Luis Ayllón

Personal information
- Full name: Luis Ayllón Regidor
- Date of birth: 24 June 1983 (age 42)
- Place of birth: Barajas de Melo, Spain

Youth career
- EMF Cuenca
- CD Cuenca
- Conquense

Senior career*
- Years: Team / Apps / (Gls)
- CD Cuenca
- Conquense B

Managerial career
- Athletic Bilbao (youth)
- Periso (youth)
- Guadalajara (youth)
- 2012–2014: Azuqueca (assistant)
- 2014–2015: Azuqueca
- 2016–2017: Toledo B
- 2017–2019: Conquense
- 2019–2021: Navalcarnero
- 2022: Unionistas
- 2022–2023: SS Reyes
- 2024: Talavera

= Luis Ayllón =

Spanish football manager

Luis Ayllón Regidor (born 24 June 1983) is a Spanish football manager and former player.

==Career==
Born in Barajas de Melo, Cuenca, Castilla–La Mancha, Ayllón played as a youth for EMF Cuenca, CD Cuenca and UB Conquense, making his senior debut with CD Cuenca in Tercera División. After representing Conquense's reserve team, he retired and became a manager of Athletic Bilbao's youth sides, after being invited by Joaquín Caparrós.

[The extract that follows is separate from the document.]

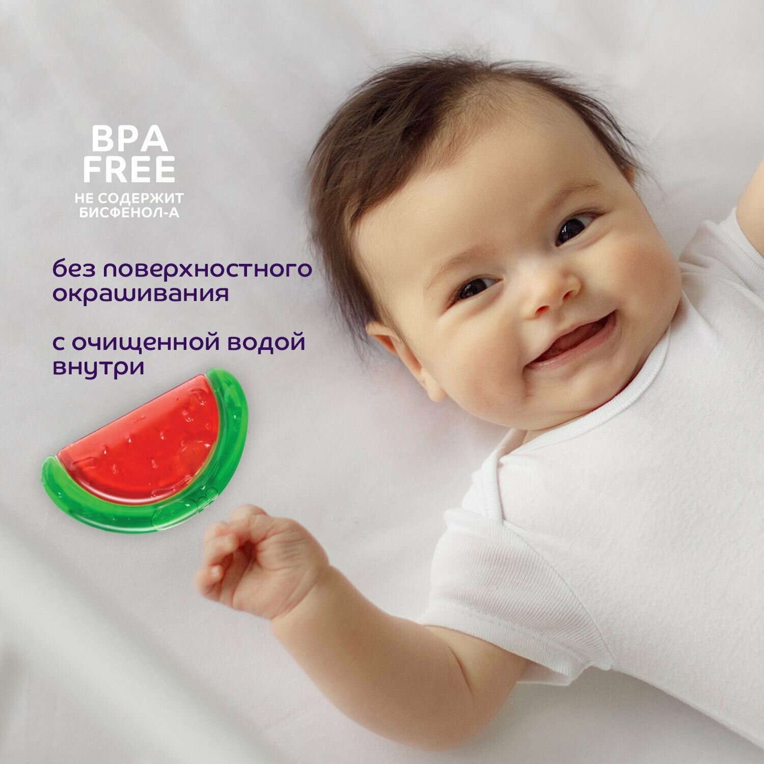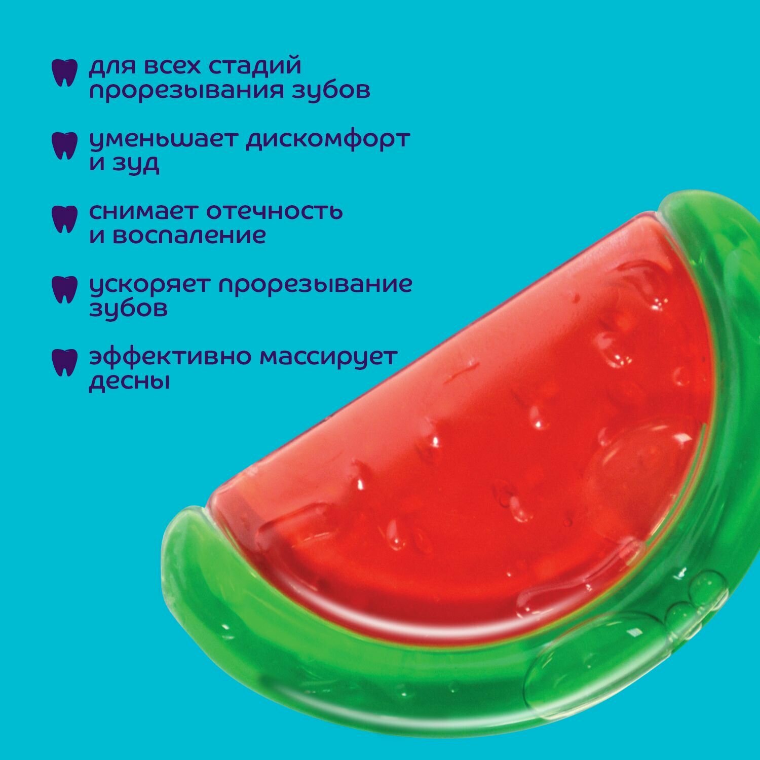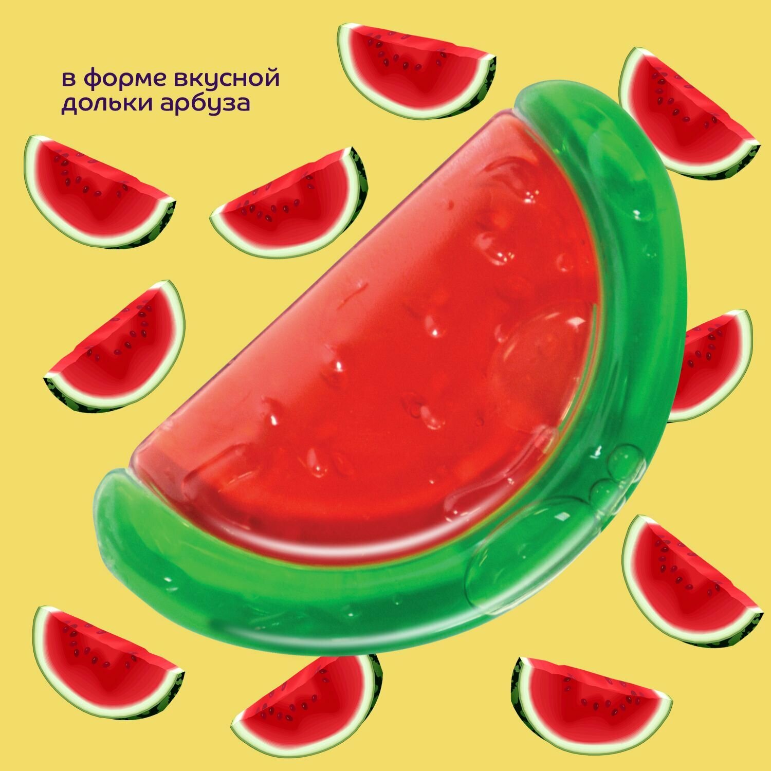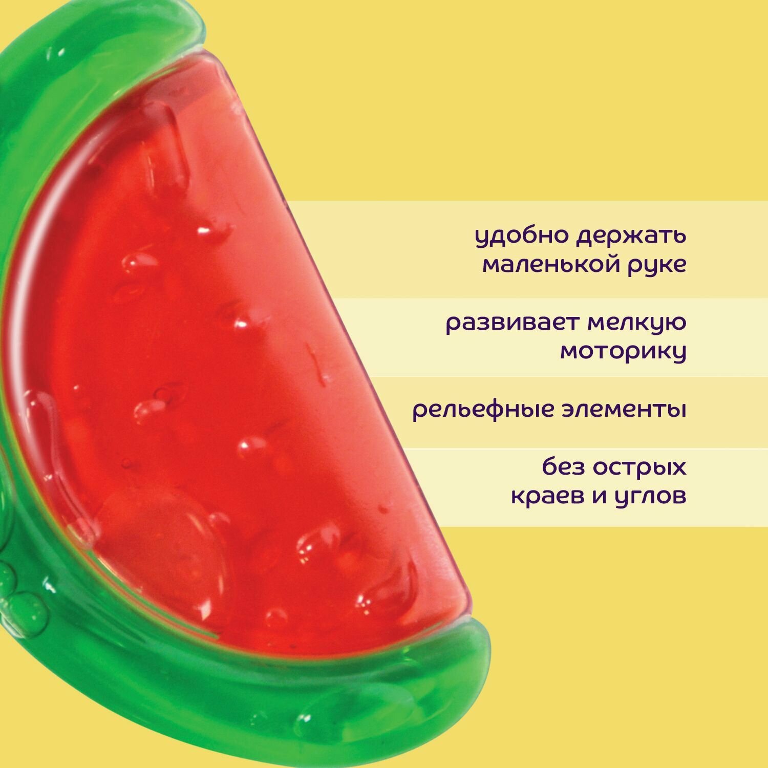 У Малыша ухудшилось настроение и он начал плакать - просто начали расти зубки. Да-да! Стали зудить десна и ребеночек в этот период стал искать, что бы такое укусить. Малыш начинает кусать все, что попадает ему на пути: руки, губы, игрушки и материнскую грудь! На помощь Маме приходят прорезыватели для зубов. Детская игрушка-прорезыватель из силикона ослабит боль у Малыша в период появления первых зубиков. Малышу удобно держать прорезыватель в своих маленьких ручках. Прорезыватель в форме арбузика отлично подойдет для маленьких любителей фруктов и ягод. Косточки арбузика имеют выпуклую форму, поэтому Ребеночку приятно кусать арбузик.

After working in the youth sides of Periso CF, Ayllón was also a manager of a Real Madrid foundation team and later became a youth coordinator at CD Guadalajara. In 2012, he became Miguel López's assistant at CD Azuqueca, and was named manager of the club ahead of the 2014–15 season.

In May 2015, despite achieving promotion to Tercera División, Ayllón left Azuqueca. On 5 July 2016, after one year as manager of the Castilla–La Mancha Football Federation's youth sides, he was named at the helm of CD Toledo's B-team in the fourth division.

On 19 June 2017, after avoiding relegation, Ayllón took over UB Conquense also in division four. He led Conquense to promotion in his first year, but was sacked on 14 January 2019, after a nine-match winless streak which saw the club enter the relegation zone.

On 4 June 2019, Ayllón took over CDA Navalcarnero also in the fourth level, and renewed his contract in May 2020 after reaching the promotion play-offs. After achieving promotion to Segunda División B, he led the side of the round of 16 of the 2020–21 Copa del Rey, but opted to leave on 12 May 2021, after retaining Navals place in the newly-formed Segunda División RFEF.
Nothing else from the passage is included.